Although the data holds pictures, return only the lines from the one containing "Альбом для рисования" to the end, exactly, and without them.

§ Collected material:
= Beginning of Section =

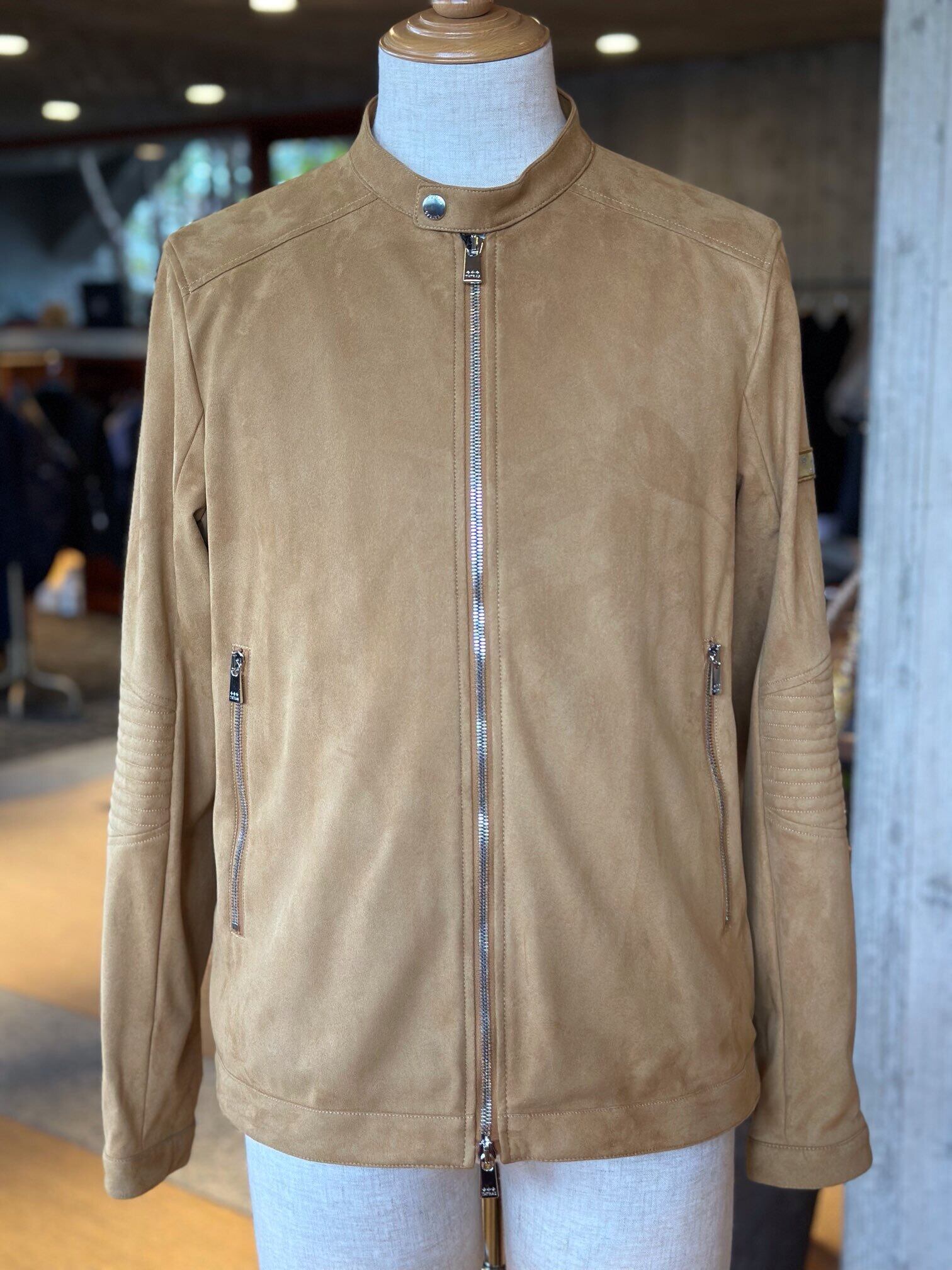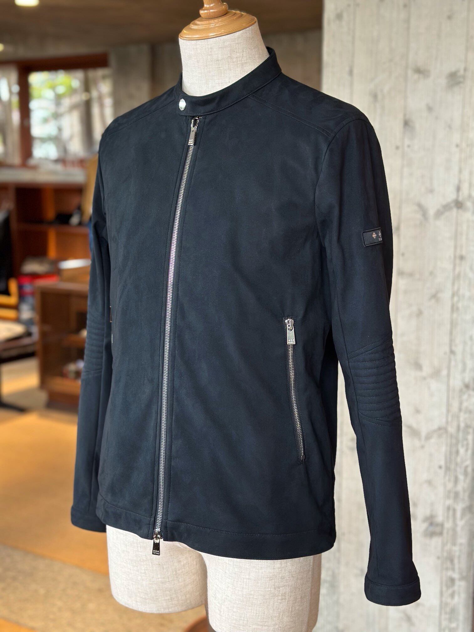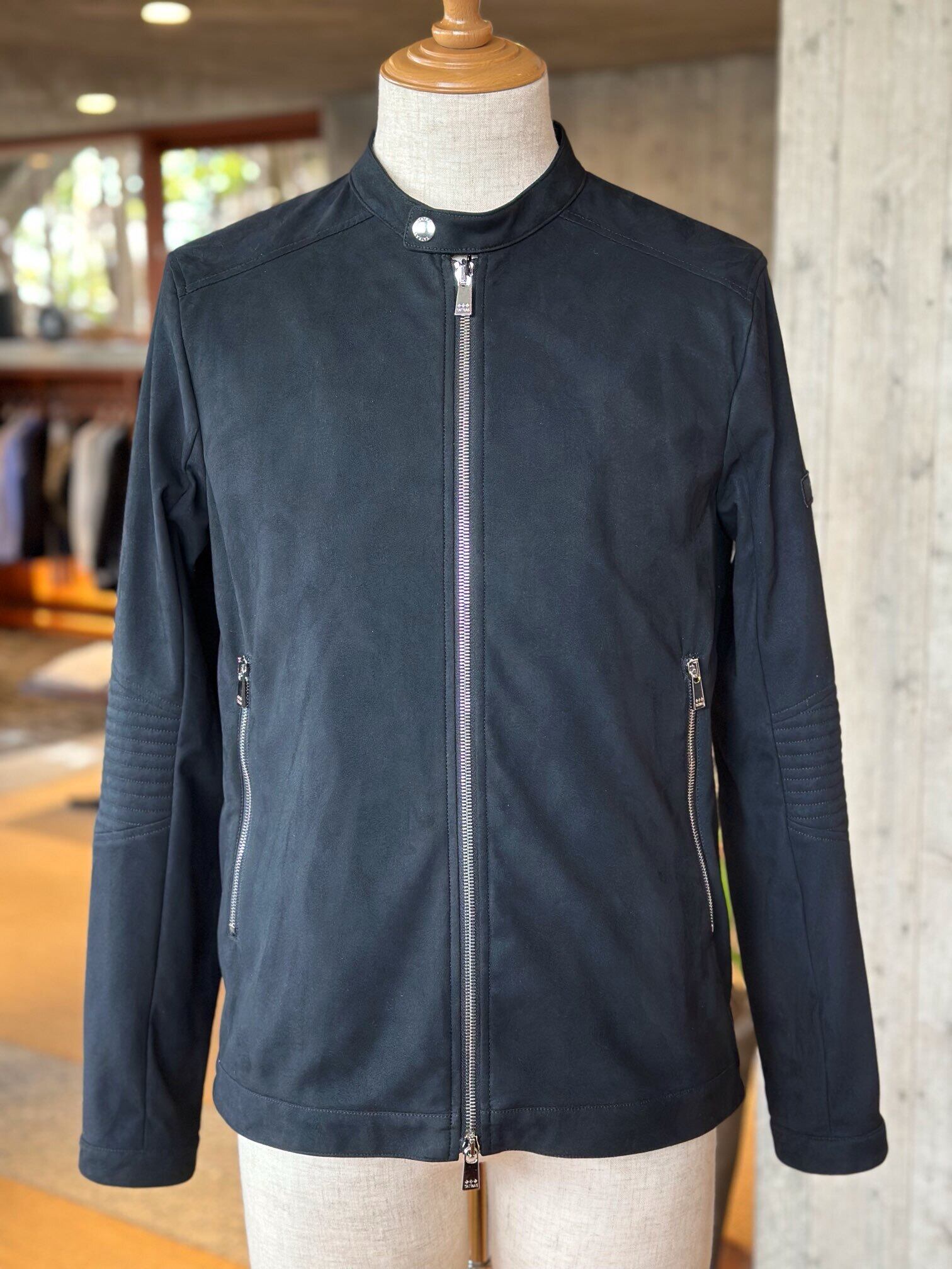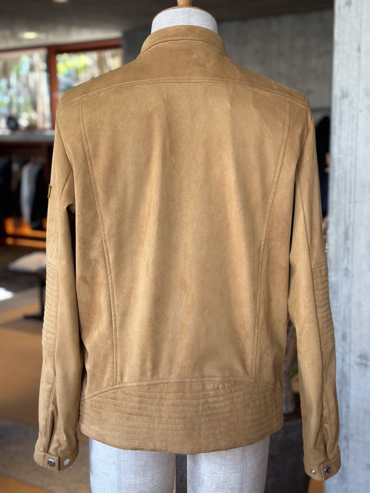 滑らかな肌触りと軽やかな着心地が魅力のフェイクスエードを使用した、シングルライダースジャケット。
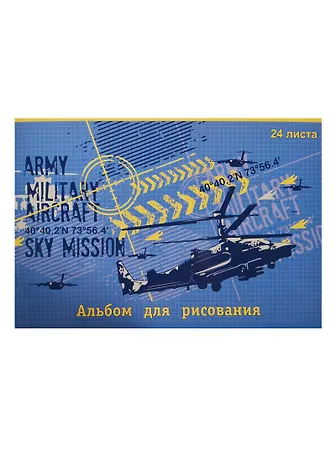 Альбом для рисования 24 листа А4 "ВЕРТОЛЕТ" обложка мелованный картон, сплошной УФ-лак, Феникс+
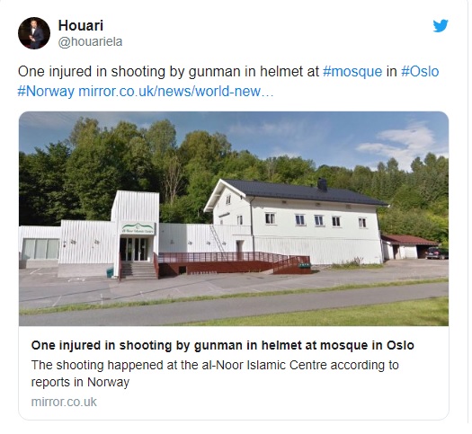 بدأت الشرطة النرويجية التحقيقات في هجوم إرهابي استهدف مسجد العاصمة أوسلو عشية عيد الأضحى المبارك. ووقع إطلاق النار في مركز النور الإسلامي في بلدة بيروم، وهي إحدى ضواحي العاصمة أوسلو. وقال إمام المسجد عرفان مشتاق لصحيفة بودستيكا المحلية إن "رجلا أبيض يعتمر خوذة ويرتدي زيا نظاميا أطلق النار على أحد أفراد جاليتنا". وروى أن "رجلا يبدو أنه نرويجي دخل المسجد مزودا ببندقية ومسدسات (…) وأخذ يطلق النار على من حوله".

= End of Section =

§ Written solution:
 Альбом для рисования 24 листа А4 "ВЕРТОЛЕТ" обложка мелованный картон, сплошной УФ-лак, Феникс+
 بدأت الشرطة النرويجية التحقيقات في هجوم إرهابي استهدف مسجد العاصمة أوسلو عشية عيد الأضحى المبارك. ووقع إطلاق النار في مركز النور الإسلامي في بلدة بيروم، وهي إحدى ضواحي العاصمة أوسلو. وقال إمام المسجد عرفان مشتاق لصحيفة بودستيكا المحلية إن "رجلا أبيض يعتمر خوذة ويرتدي زيا نظاميا أطلق النار على أحد أفراد جاليتنا". وروى أن "رجلا يبدو أنه نرويجي دخل المسجد مزودا ببندقية ومسدسات (…) وأخذ يطلق النار على من حوله".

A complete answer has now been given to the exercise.